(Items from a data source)
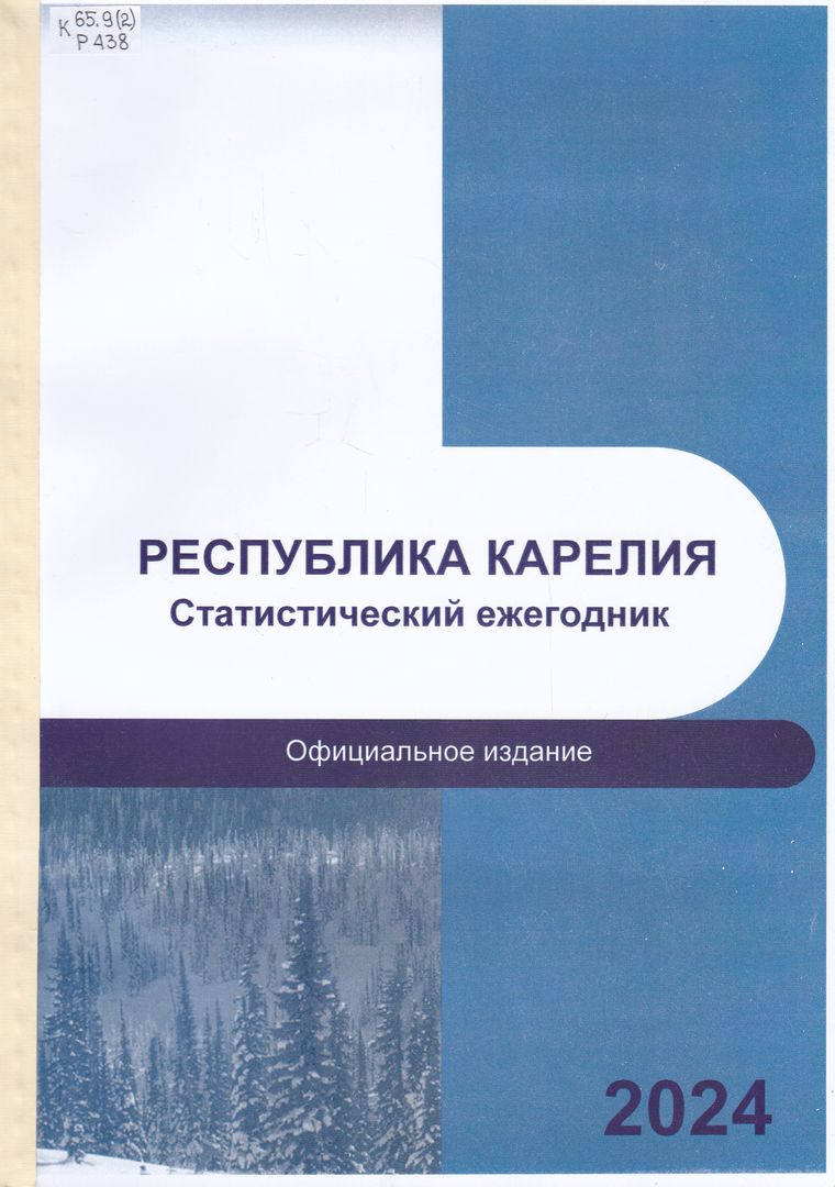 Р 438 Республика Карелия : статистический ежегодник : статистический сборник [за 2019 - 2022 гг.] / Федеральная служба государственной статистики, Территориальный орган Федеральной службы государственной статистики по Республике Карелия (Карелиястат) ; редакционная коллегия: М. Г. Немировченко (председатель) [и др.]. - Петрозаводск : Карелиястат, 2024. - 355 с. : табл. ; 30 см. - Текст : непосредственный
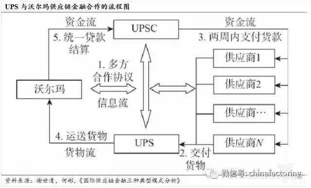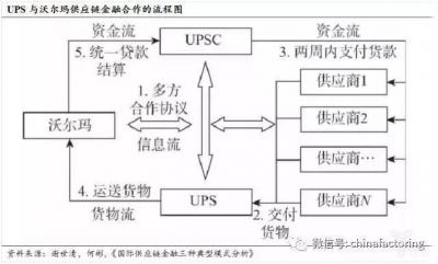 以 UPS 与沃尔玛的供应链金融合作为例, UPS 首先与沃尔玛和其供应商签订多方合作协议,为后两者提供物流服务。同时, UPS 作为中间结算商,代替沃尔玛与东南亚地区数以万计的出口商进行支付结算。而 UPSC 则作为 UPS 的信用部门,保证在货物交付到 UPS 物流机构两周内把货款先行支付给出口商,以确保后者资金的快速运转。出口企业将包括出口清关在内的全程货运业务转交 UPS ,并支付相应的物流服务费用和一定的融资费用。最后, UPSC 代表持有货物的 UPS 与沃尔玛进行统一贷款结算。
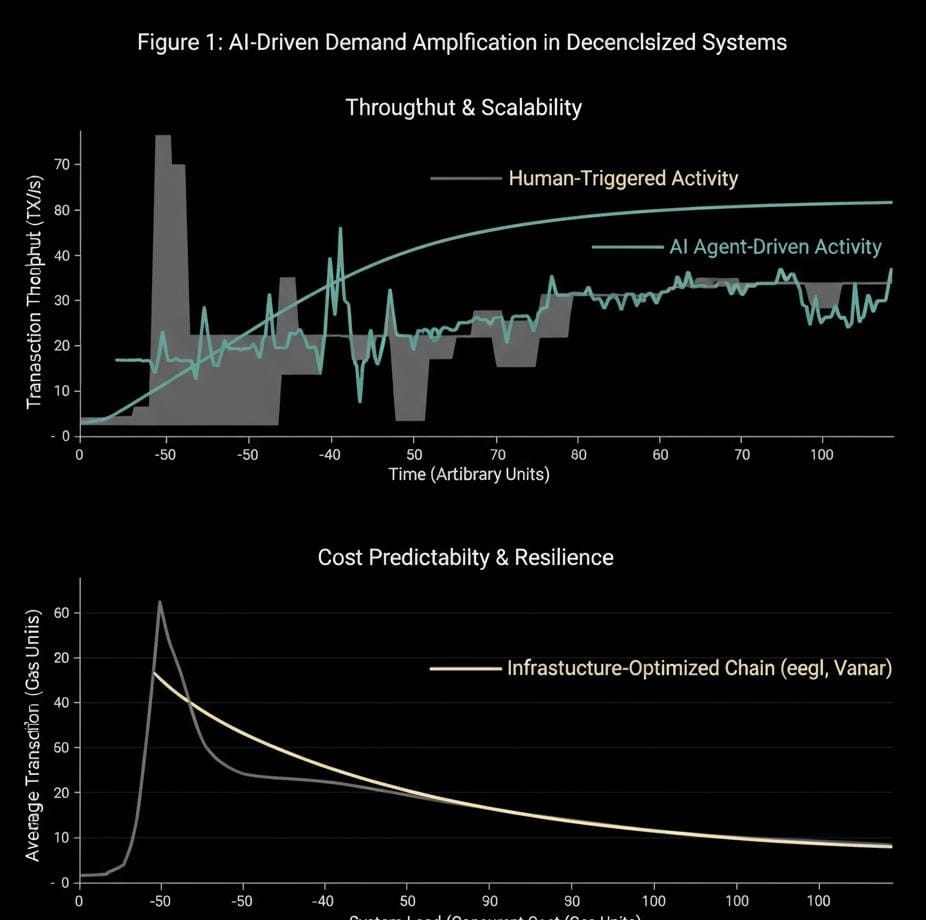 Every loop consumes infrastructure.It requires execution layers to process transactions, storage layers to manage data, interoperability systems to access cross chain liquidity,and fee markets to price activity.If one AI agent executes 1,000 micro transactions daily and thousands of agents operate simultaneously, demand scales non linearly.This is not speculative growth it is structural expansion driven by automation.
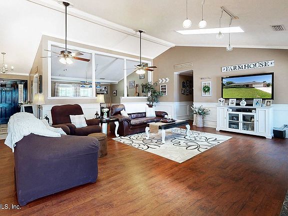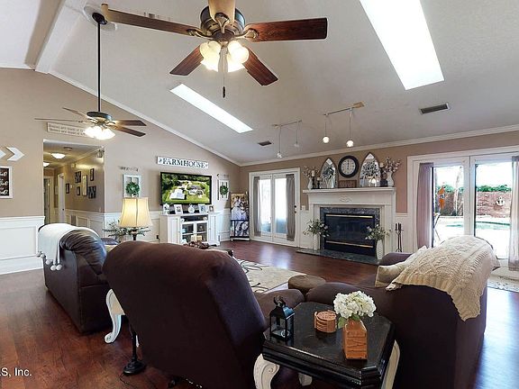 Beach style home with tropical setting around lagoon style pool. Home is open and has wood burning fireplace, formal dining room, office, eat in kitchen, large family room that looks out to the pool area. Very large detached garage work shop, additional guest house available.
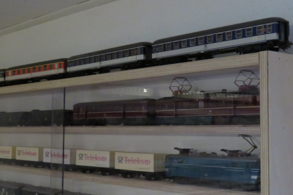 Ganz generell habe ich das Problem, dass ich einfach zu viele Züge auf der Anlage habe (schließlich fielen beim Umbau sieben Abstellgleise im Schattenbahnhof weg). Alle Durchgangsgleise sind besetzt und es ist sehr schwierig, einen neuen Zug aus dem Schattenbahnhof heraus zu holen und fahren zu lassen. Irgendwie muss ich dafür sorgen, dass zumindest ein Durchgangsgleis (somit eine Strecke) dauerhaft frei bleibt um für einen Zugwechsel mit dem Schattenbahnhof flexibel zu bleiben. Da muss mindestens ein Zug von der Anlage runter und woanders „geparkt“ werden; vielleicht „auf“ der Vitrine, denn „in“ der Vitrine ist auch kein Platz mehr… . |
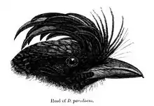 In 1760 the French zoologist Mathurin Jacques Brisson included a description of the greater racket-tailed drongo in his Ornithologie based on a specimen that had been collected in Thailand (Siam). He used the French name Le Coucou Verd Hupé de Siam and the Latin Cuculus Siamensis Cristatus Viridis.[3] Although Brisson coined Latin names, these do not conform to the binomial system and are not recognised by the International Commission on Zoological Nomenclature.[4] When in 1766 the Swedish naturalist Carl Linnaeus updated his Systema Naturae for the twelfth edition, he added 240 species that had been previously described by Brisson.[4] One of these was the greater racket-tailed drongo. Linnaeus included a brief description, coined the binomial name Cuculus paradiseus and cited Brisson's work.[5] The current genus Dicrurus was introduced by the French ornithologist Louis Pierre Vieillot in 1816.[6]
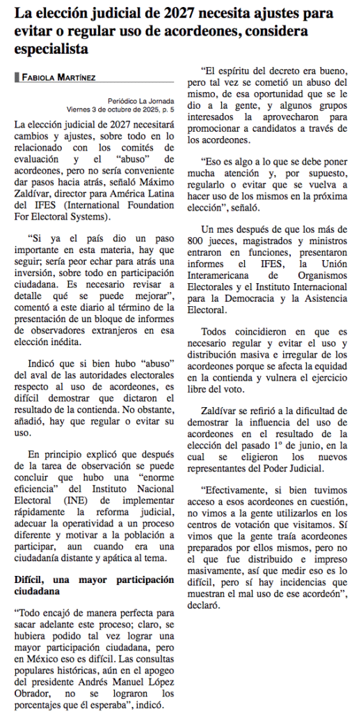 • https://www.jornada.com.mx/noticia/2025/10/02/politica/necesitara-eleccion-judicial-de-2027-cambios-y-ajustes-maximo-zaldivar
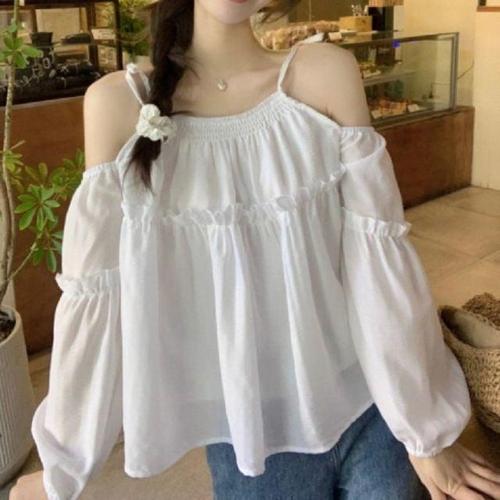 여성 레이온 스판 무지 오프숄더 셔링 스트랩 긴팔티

> **What to do**: When you reach the line that has "Every loop consumes" in the data above, start repeating lines exactly, and stop after the line that has "Beach style home"; pictures stay out.

> **Exercise answer**:
 Every loop consumes infrastructure.It requires execution layers to process transactions, storage layers to manage data, interoperability systems to access cross chain liquidity,and fee markets to price activity.If one AI agent executes 1,000 micro transactions daily and thousands of agents operate simultaneously, demand scales non linearly.This is not speculative growth it is structural expansion driven by automation.
 Beach style home with tropical setting around lagoon style pool. Home is open and has wood burning fireplace, formal dining room, office, eat in kitchen, large family room that looks out to the pool area. Very large detached garage work shop, additional guest house available.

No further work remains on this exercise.